NEW YORK (AP) — The title role of Giordano's 1896 opera, "Andrea Chenier," has long appealed to tenors because of the fervent lyricism and heroic thrust of its showpiece arias and duets. Both Placido Domingo and Luciano Pavarotti sang it at the Metropolitan Opera, and before them it was a vehicle for stars like Beniamino Gigli, Richard Tucker and Mario del Monaco.
On Sunday, Roberto Alagna bid to add his name to that pantheon, debuting the role of the poet who was executed during the French Revolution in a concert performance with the Opera Orchestra of New York. Sad to say, it was a faltering attempt, suggesting either that he had not studied the part sufficiently or that it may be beyond his vocal comfort zone.
The problems began almost immediately, during the warm-up to Chenier's opening aria, the "Improvviso," in which the hero extemporizes a poem and outrages his aristocratic audience by expressing sympathy for the poor. Alagna startled the audience at Avery Fisher Hall by suddenly breaking off, motioning to conductor Alberto Veronesi to stop, and after a quick consultation beginning again. Then in Act 2, he missed an entrance, leaving out a crucial phrase entirely.
There were, to be sure, passages that rang out with Alagna's familiar warm, muscular sound. But many of his high notes were effortful — including a crack on his final exclamation — and there was little sense of lyrical flow in his phrasing. Maybe he was indisposed: There were frequent sips from a water bottle and toward the end he wiped his nose several times. It's also possible he was upset over the disclosure last week that he and his wife, soprano Angela Gheorghiu, are divorcing after a stormy marriage of nearly 17 years.

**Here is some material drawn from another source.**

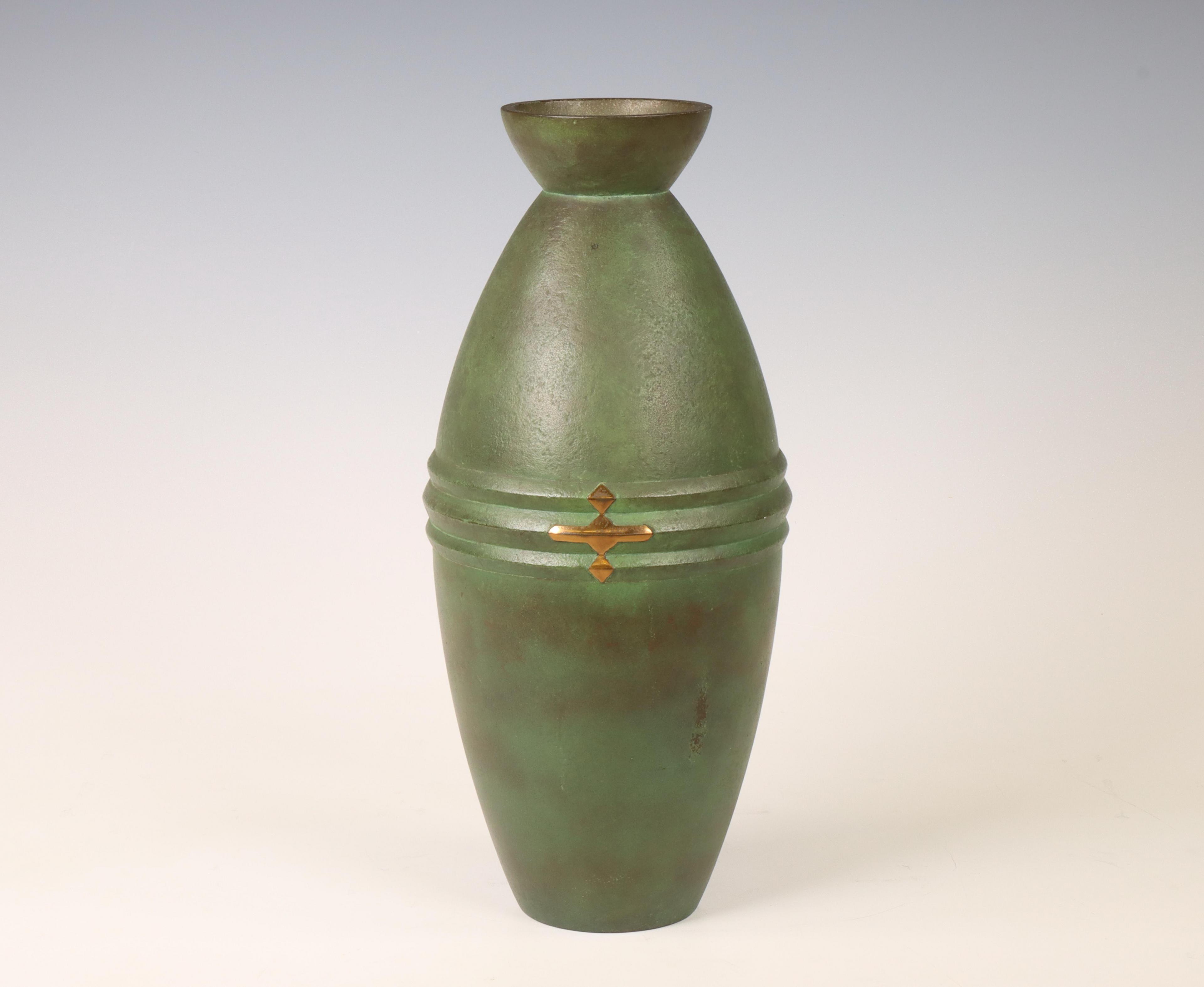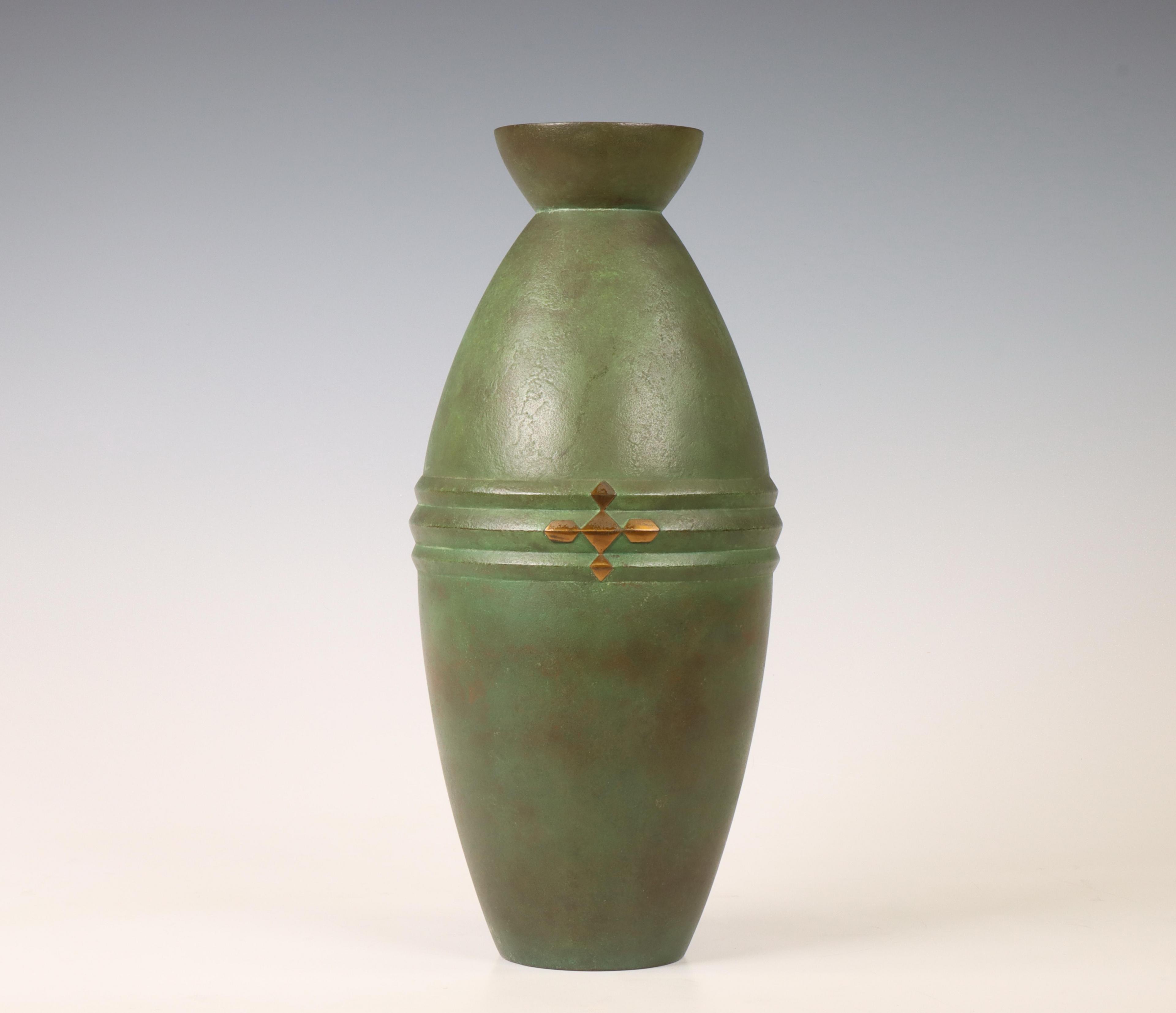 Japan, green patinated bronze Art Deco vase, signed Neya Churoku (1897-1987), Showa period (1926-1989),
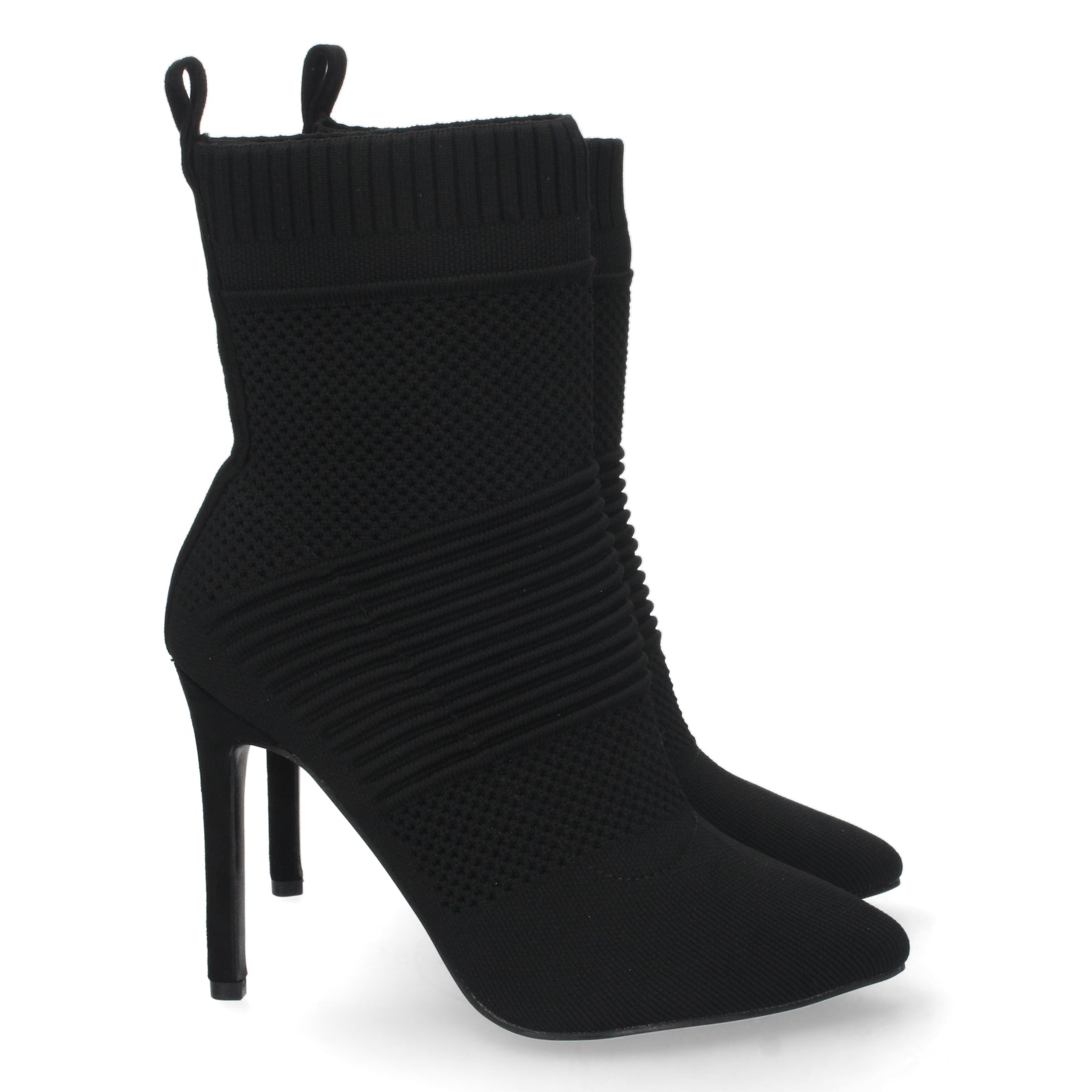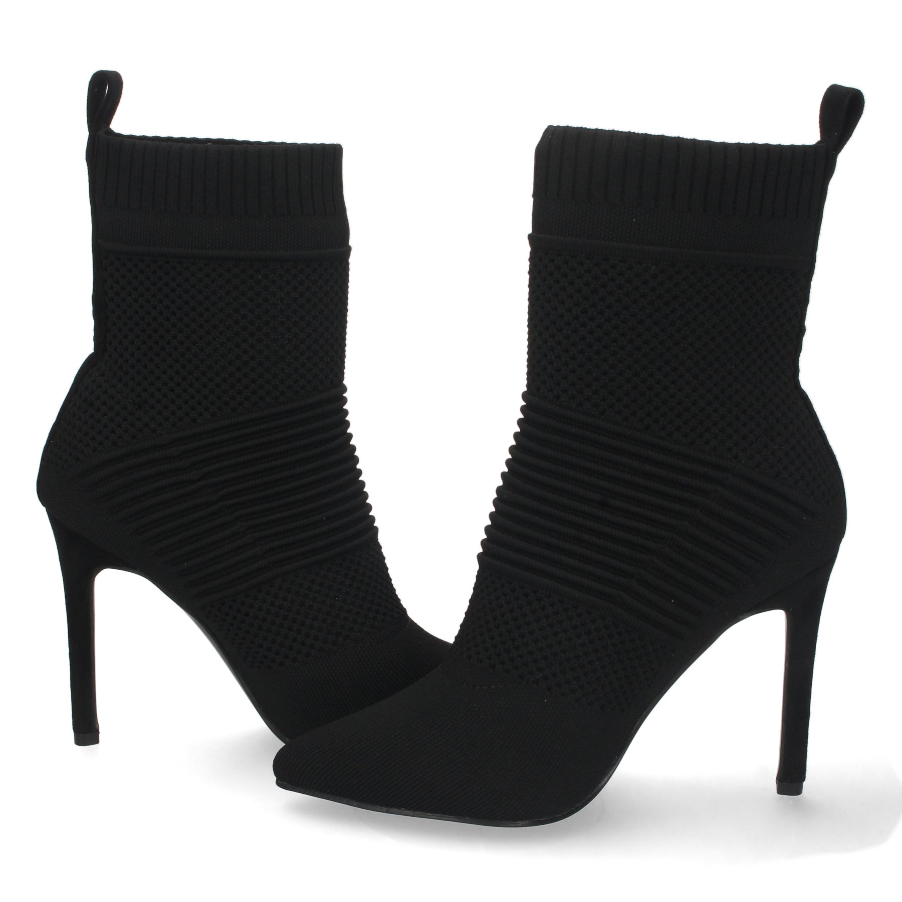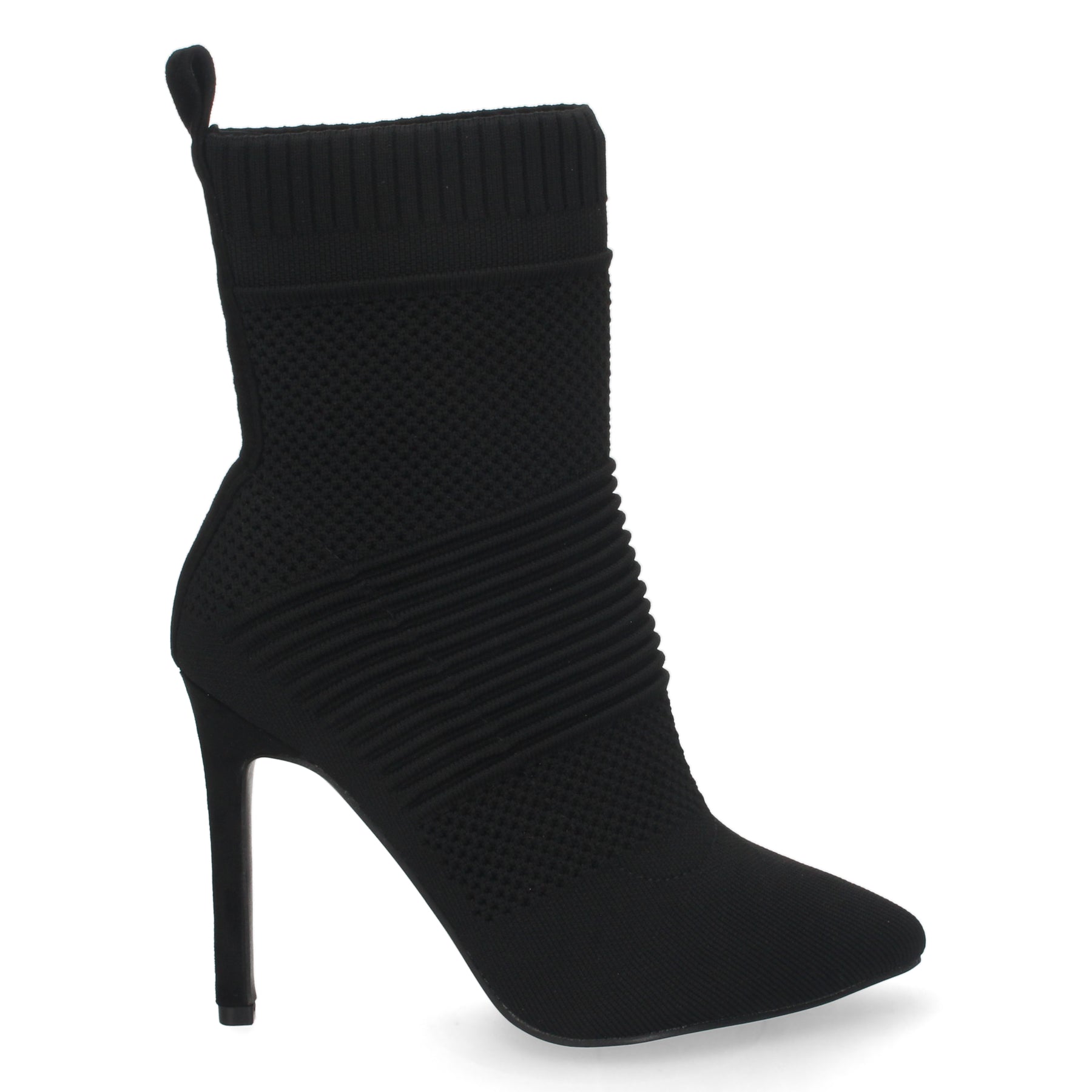Luce sofisticada este otoño-invierno con este botín negro de tacón de aguja y punta fina. Confeccionado en material elástico sin cierre, se ajusta al pie con comodidad. Versátil y elegante, es el complemento ideal para looks casuales o conjuntos más formales.

Whatever the cause, one had to look elsewhere for consistent vocal rewards. These started with baritone George Petean in the role of Gerard, the footman-turned-revolutionary and Chenier's rival in love. He delivered a richly sung rendition of the great aria, "Nemico della patria," conveying the conflicting feelings of this character, who repents too late the havoc the revolution has wrought.
As Maddalena, the aristocrat who loves Chenier, Kristin Lewis revealed a gleaming, somewhat hard-edged soprano that cut through the orchestra with ease. She also has a creditable lower or chest voice, which served her well in her aria, "La mamma morta." However, even for a concert performance there was a notable lack of chemistry between the two lovers, with her standing rigid at the podium and Alagna seeming distracted.
And then there was Rosalind Elias. The octogenarian mezzo-soprano, who made her Met debut nearly 60 years ago, brought a welcome splash of show-biz charisma as she walked haltingly onstage for the cameo role of Madelon, an old, blind woman who has sacrificed her sons to the revolution. Extending her arms as if in prayer, Elias sang her brief aria eloquently, her whisper of a voice becoming fuller as it moved up the scale.
Others in the large supporting cast who made good contributions included mezzo Jennifer Feinstein as Maddalena's mother, the countess de Coigny, and baritone David Pershall as Chenier's friend, Roucher.
Veronesi conducted the orchestra and chorus with perhaps too much emphasis on the bombastic side of the post-Verdian verismo style, of which "Chenier" is one of the more durable products.